Подлинно, какой вред причинили этому ратоборцу болезнь, неимение
благодетелей, нападение псов, худое соседство богача, великая роскошь
его, надменность и гордость? Сделался ли он от того слабее в подвигах
добродетели? Поколебалась ли твердость его? Нисколько; напротив, такое
множество бедствий и такая жестокость богача еще более укрепили его,
сделались поводом к бесчисленным для него венцам, умножили награды,
усугубили воздаяние, послужили к большему возмездию. Он увенчан не за
бедность только, и не за голод, и не за раны, и не за лизание псов; но
за то, что, имея такого соседа, который каждодневно видел его и
постоянно презирал его, он переносил мужественно и с великим терпением
это искушение, не мало, но весьма много усиливавшее и бедность, и
болезнь, и беспомощное его состояние.
А
что было, скажи мне, с блаженным Павлом? Ничто не препятствует опять
упомянуть об этом муже. Не бесчисленное ли принял он множество
испытаний? А какой потерпел вред? Не за то ли особенно он и увенчан, что
терпел голод, страдал от холода и наготы, многократно подвергался
бичеваниям, был побиваем камнями и утопал? «Но Павел, – скажешь, – был
избранник Христов». И Иуда был в числе двенадцати учеников, и он был
призван Христом; но ни то, что он был в числе двенадцати, ни самое
призвание не принесло ему пользы, так как он не имел сердца,
расположенного к добродетели. Павел, и борясь с голодом, и не имея
необходимой пищи, и столь много каждодневно претерпевая бедствий, с
великой бодростью пробегал путь, ведущий на небо; а Иуда, будучи призван
еще прежде него, пользуясь тем же, чем и он, будучи посвящен в таинства
вышней мудрости, приобщившись священной трапезы и страшной вечери,
получив такую благодать, что мог воскрешать мертвых, очищать прокаженных
и изгонять бесов, многократно слыша учение о нестяжательности, столько
времени обращаясь с самим Христом и имея вверенные ему деньги бедных,
чтобы этим он укрощал свою страсть (так как он был вор), при всем том не
сделался лучшим, хотя пользовался таким снисхождением. Христос, зная,
что он сребролюбив и по любви к деньгам погибнет, не только не наказал
его тогда за это, но, дабы укротить его страсть, вверил ему и деньги для
бедных, чтобы он, имея чем насытить свое корыстолюбие, не впал в
страшную пропасть, меньшим злом отвращая большее.
12.
Так везде тому, кто сам себе не хочет сделать вреда, никто другой не
может повредить; и напротив, кто не хочет бодрствовать и исполнять
должное с своей стороны, тому никогда никто не доставит пользы.
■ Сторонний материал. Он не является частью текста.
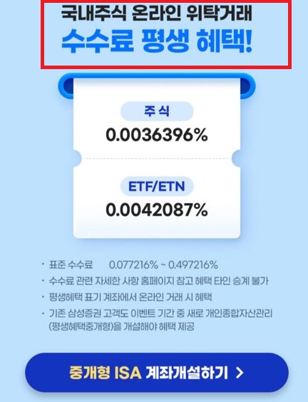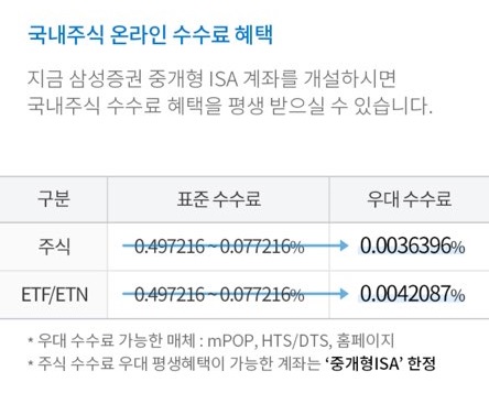 삼성증권 중개형 ISA 국내주식 수수료 평생혜택 이벤트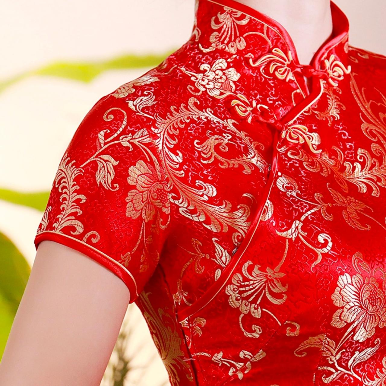 ชุดกี่เพ้าลายดอกไม้มงคล จากร้าน Commodity City in Thailand ผ้าซาตินมันเงาใส่สบายไม่ร้อน เป็นชุดเดรสสั้น ทรงเข้ารูป มี 6 ไซส์ให้เลือก ตั้งแต่ S-3XL ความยาวชุด 85- 94 เซนติเมตร ดีเทลปักลายดอกไม้สีทอง ผ่าด้านข้าง ให้สาวๆ เดินและเคลื่อนไหวได้สะดวก ราคา 185 บาท ดูรายละเอียดสินค้าได้ที่ Shopee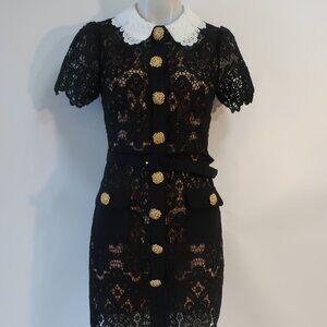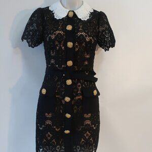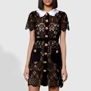 Womens Self-Portrait Black White Guipure Lace Sheath Cindy Mini Dress 6

Поэтому и
дивная история Писаний, как бы на какой высокой, великой и широкой
картине, описывает для тебя жизнь древних, продолжая повествование от Адама
до пришествия Христова, и представляет тебе как падавших, так и
увенчанных, дабы всячески вразумить тебя, что тому, кто сам себе не
делает вреда, никто другой повредить не может, хотя бы вся вселенная
подняла против него жестокую войну. Ни затруднительность обстоятельств,
ни перемены времени, ни угнетения сильных, ни тучи злоумышлений, ни
множество несчастий, ни совокупность всех человеческих бедствий не может
нимало поколебать мужественного, внимательного и бдительного человека;
напротив, нерадивого, беспечного, не заботящегося о самом себе ничто не
сделает лучшим, хотя бы употреблены были тысячи пособий. То же
показывает нам и притча о тех людях, из которых один построил дом свой
на камне, а другой на песке (Мф. 7:24
и сл.); это не для того, чтобы мы представляли песок и камень, или
строение из камней и кровлю, или реки и дождь, и сильные ветры,
устремляющиеся на здания, но чтобы от них умозаключали о добродетели и
пороке, и видели отсюда, что, кто не вредит самому себе, тому никто не
сделает вреда. Итак, ни порывисто падавший дождь, ни реки, стремившиеся с
великой быстротой, ни жестокие ветры, ударявшие с сильным порывом,
нисколько не поколебали того дома, но он остался твердым и неподвижным,
дабы ты знал, что кто не выдает сам себя, того никакое испытание
поколебать не может. А дом другого скоро обрушился не от силы испытаний
(иначе и с другим было бы то же), но от собственного безумия
(строителя); он пал не потому, что подул ветер, но так случилось с ним
потому, что он был построен на песке, т. е. на нерадении и зле. Ведь он
еще и ранее, нежели буря устремилась на него, был слаб и готов к
падению. Такие здания, хотя бы никто не трогал их, сами собой
разрушаются, потому что основание их расторгается и совершенно
рассыпается. Как паутина сама собой разрывается, хотя бы никто не
прикасался к ней, а адамант и под ударами остается целым, так точно и
те, которые не вредят сами себе, хотя бы испытывали бесчисленное
множество ударов, становятся более твердыми; а предающие самих себя,
хотя бы никто не трогал их, сами собой увлекаются, теряются и погибают.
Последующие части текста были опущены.